Have you ever been a part of a group that was about to embark on a task or a journey and everyone seems to be standing around talking and nothing seems to be happening?
Suddenly, somebody asks, “Hey, what are we waiting for?”
(For the grammar nazis out there, I am indeed aware of that horrid preposition dangling there. However, you know as well as I do that it is tragically rare that someone would ask, instead, “For what are we waiting?”)
Everyone looks around to try to find an answer to that question.
It seems to me that followers of Jesus sometimes lose sight of the answer to that question.
Seriously… what IS it that we are waiting to see? What ARE we waiting for?
Paul referred to it in his letter to his Thessalonian pupils as he was celebrating their living faith:
“For they themselves report concerning us the kind of reception we had among you, and how you turned to God from idols to serve the living and true God, and to wait for His Son from heaven, whom he raised from the dead, Jesus who delivers us from the wrath to come”
1 Thessalonians 1.9-10
The Apostle is making reference to the faith of these believers that seems to be spreading like wildfire in their part of the world because of its richness and genuineness. He and his team had been hearing from others about how these good folks had been so receptive to the message that had been brought and planted within them.
He pointed out the change in perspective that had taken place in them. They had turned “from idols to serve the living and true God.” They had, in essence, turned from an empty religion to a life-giving relationship with God.
But mere service to God was not all that they had embraced. They turned “to wait for his Son from heaven.” Did you catch that?
Paul reminded them that they were not merely serving God, but they were waiting for something. Well, that’s not entirely accurate. They were waiting for someone. They were waiting for Jesus to return.
Jesus, according to the apostle’s teaching, will return. He will return.
How do we know? He promised. And the sign of his promise, the very fact that he was raised from the dead, assures us that he is coming back to do the very same for us. Every person that has died physically who had been born spiritually, will be, like Jesus himself, raised to an utterly indestructible, incorruptible, imperishable, eternally spiritual, physical, and emotional life.

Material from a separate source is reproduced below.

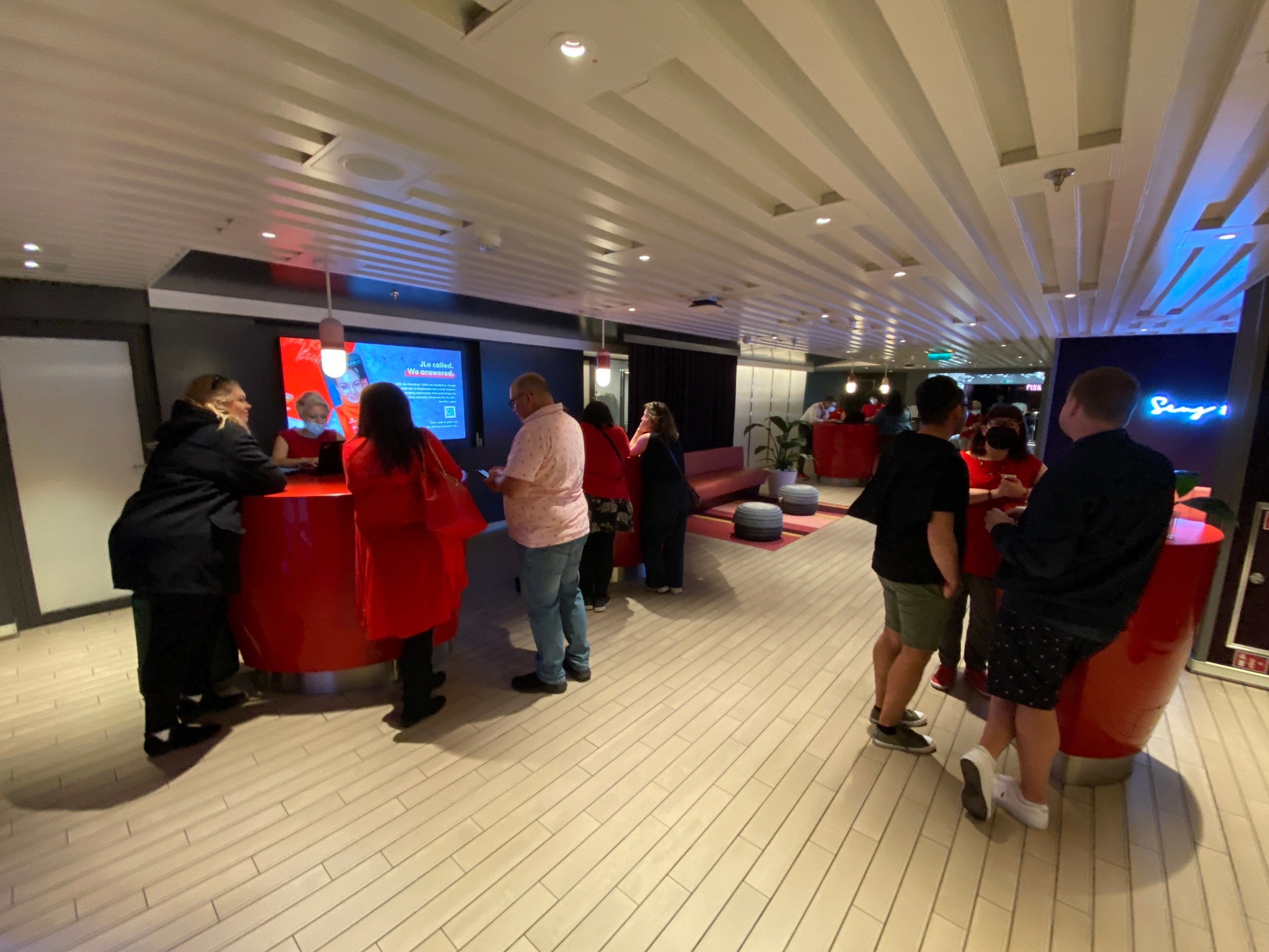 The somewhat chaotic "Sailor Services" desks on Virgin Voyages' Valiant Lady. (Photo by Ashley Kosciolek/The Points Guy)
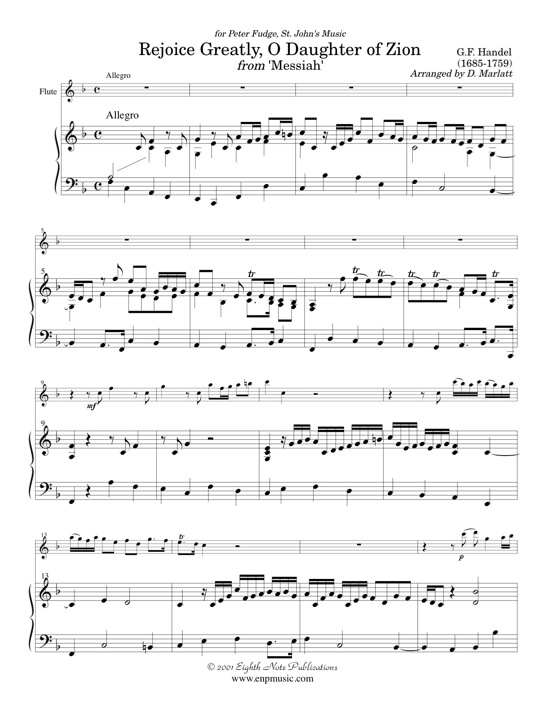 This famous aria from one of the best known Christmas pieces has been elegantly transcribed for flute and keyboard (piano or organ). The key has been altered to facilitate some of the technical requirements but the excitement of this showpiece remains. This arrangement is ideal for playing at Christmas church services. |

Because he rose from the dead, he will come and raise us—and deliver every believer in Jesus, both physically living and dead, from the wrath to come.
We wait for Jesus to do what He promised. We wait for this blessed hope. We wait.
What are we waiting for?
We wait for things to be put back the way they were meant to be before our sin wrecked the world. We wait for the arrival of the reality to which our faith has pointed us all along. We wait for the shout of the archangel and the trumpet to sound and the joyous moment of meeting Jesus in the sky.
But for now, we work and we grow and we live and we love and we endure and we groan with the weight of the brokenness of sin.
And we wait.
What are we waiting for?
Jesus. We’re waiting for Jesus.
Father, grant us the grace to wait patiently, hopefully, but diligently for the fulfillment of your promises. Even so, come quickly, Lord Jesus!